I have a 10 gallon tank with 3 zebra danios, 3 male guppies and a nerite snail. I normally feed flake food and the occasional treat of peas but would like to introduce some other types of food to vary their diet. I noticed our LFS feeding blood worms so I asked about what they did and bought San Francisco Bay frozen blood worm cubes. I have since learned these are mosquito larvae?

I didn't quite follow what the person said about how to feed them and she wasn't my usual employee I talk with, my usual person knows her stuff! I came home and began researching how to feed the tank when I uncovered many conversations regarding blood worms and parasites. Now I'm worried about using the blood worms.

Any one out there have experience (good or bad) with this? 

Thanks!


----------



## Construction Sam (Sep 22, 2018)

I couldn't find frozen ones in my town so I got the dried ones. My fish did not like them at all so it was a waste of money. 

Maybe if you're not sure you could talk to that one employee or just return them altogether.

Sorry I'm not more help 😊


----------



## couger (Jun 4, 2018)

*blood worms*

I saw info about problems with frozen blood worms so I went with freeze dried. My fish also did not understand they were food until I picked out a long one and used very long needle nose pliers to "wiggle" it in front of "Mikie" (a turquoise rainbow who will eat anything.) I gave him awhile to finish it (he swam around with the rest of it hanging out of his mouth and had the rest of his school chasing him. That got the "flavor/scent" spread around the tank. I picked out 4 more and tossed them just above his school. 2 spit them back out and then chased the danios that took them.


My other tanks went about the same...wiggle in front of glutton, wait thru first chase, drop some for gluttons school, wait for other fish to steal leftovers, next day feed tank.

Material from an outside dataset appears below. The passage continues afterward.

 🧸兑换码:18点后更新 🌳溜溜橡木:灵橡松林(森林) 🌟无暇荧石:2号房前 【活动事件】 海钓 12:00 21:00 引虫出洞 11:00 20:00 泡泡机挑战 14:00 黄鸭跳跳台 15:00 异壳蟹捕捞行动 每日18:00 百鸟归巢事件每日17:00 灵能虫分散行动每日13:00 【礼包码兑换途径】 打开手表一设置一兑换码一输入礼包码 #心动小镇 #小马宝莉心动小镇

I think you are supposed to thaw and rinse frozen before you feed..


----------



## Kilgore Trout (Jan 19, 2019)

I know this is an old thread but I've never had any issues feeding frozen blood worms to my fish, both as a treat & also regular diet.

The thing is, from what I have read, they're not as nutritional or beneficial over dry food as they're marketed as.

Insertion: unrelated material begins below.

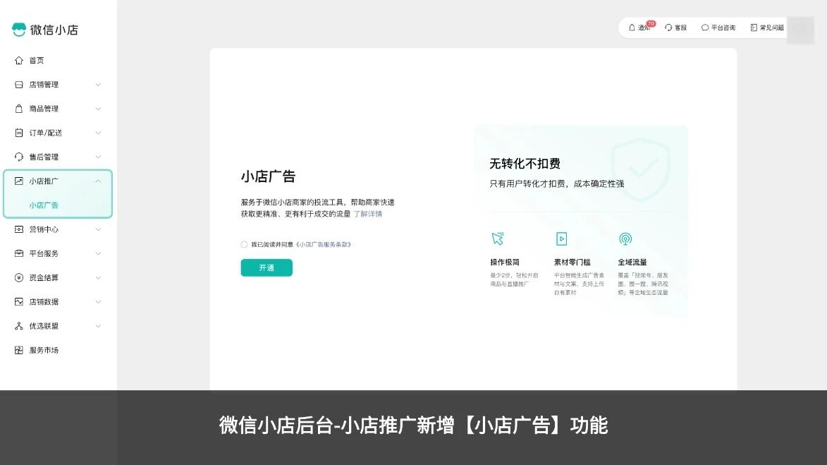 功能简介:商家可在微信小店后台一键开通,高效转化商品或直播间。

They are heavily sterilised (prior to packaging) to meet custom import regulations & this unfortunately kills all the beneficial nutrients.

Basically it's like popcorn to fish. Looks good, smells good & tastes good...nothing more.


----------



## KatyD (May 3, 2018)

Thanks for the input Kilgore Trout! I did end up feeding a little of the blood worms and getting some sort of parasite in the tank. I had such a hard time getting rid of it (and losing a few fish along the way) that the blood worms are still in my freezer...something about them has made me paranoid! I was thinking of them as a special treat anyway but now I'm really not so sure. Could be a coincidence but...


----------